Saved entries:
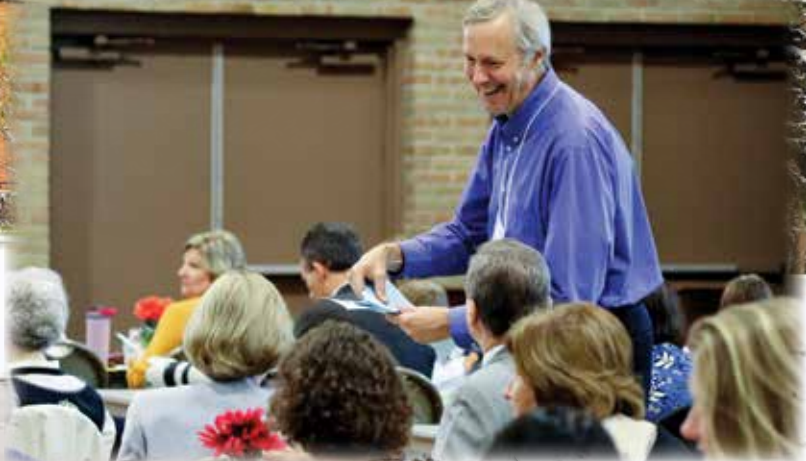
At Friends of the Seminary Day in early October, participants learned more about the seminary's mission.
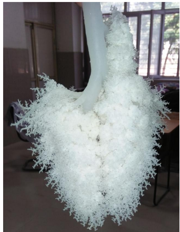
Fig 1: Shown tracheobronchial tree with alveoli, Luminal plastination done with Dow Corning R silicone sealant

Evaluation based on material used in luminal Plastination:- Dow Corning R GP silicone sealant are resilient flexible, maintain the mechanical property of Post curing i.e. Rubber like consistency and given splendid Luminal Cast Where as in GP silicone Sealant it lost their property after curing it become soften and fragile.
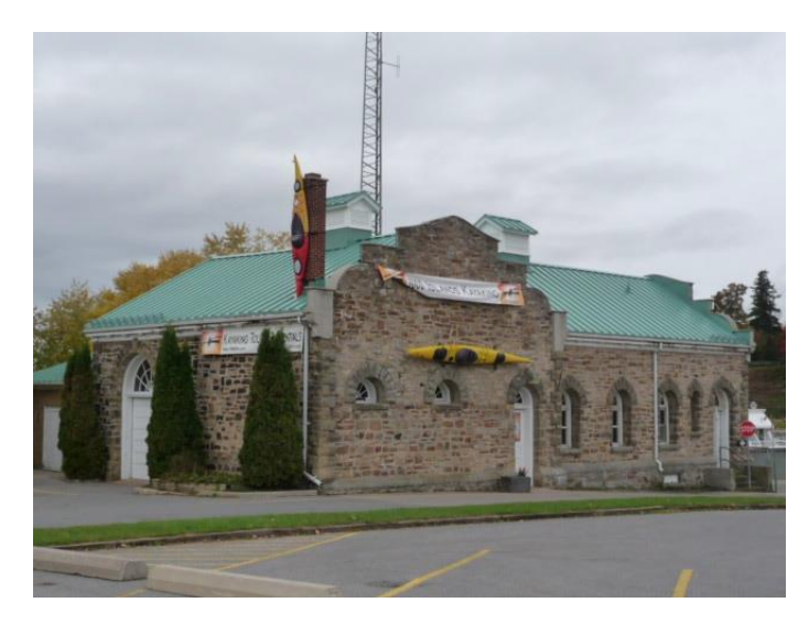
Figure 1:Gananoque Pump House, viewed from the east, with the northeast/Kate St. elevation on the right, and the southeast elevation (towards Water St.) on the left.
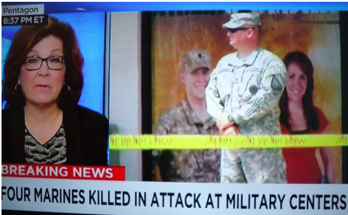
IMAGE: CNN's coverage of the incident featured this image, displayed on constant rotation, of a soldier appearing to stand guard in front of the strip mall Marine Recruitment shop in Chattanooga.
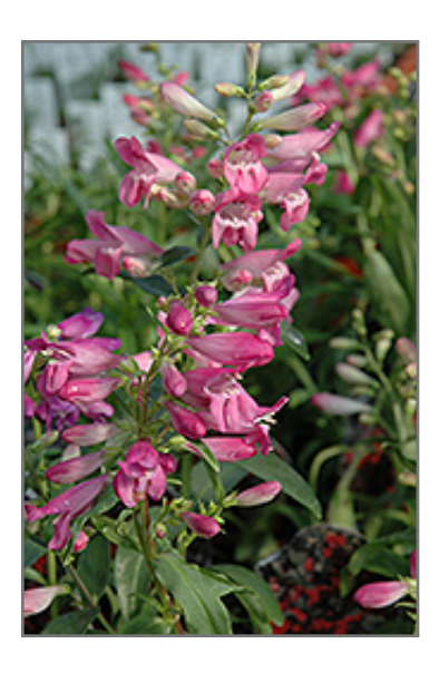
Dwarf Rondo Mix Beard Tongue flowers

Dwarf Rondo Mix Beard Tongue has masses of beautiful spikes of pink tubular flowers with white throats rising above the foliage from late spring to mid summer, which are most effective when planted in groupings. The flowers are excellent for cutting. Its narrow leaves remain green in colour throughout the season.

→ **Task**: Repeat the records above exactly. Pictures do not belong in the copy.

→ **Solution**:
At Friends of the Seminary Day in early October, participants learned more about the seminary's mission.
Fig 1: Shown tracheobronchial tree with alveoli, Luminal plastination done with Dow Corning R silicone sealant

Evaluation based on material used in luminal Plastination:- Dow Corning R GP silicone sealant are resilient flexible, maintain the mechanical property of Post curing i.e. Rubber like consistency and given splendid Luminal Cast Where as in GP silicone Sealant it lost their property after curing it become soften and fragile.
Figure 1:Gananoque Pump House, viewed from the east, with the northeast/Kate St. elevation on the right, and the southeast elevation (towards Water St.) on the left.
IMAGE: CNN's coverage of the incident featured this image, displayed on constant rotation, of a soldier appearing to stand guard in front of the strip mall Marine Recruitment shop in Chattanooga.
Dwarf Rondo Mix Beard Tongue flowers

Dwarf Rondo Mix Beard Tongue has masses of beautiful spikes of pink tubular flowers with white throats rising above the foliage from late spring to mid summer, which are most effective when planted in groupings. The flowers are excellent for cutting. Its narrow leaves remain green in colour throughout the season.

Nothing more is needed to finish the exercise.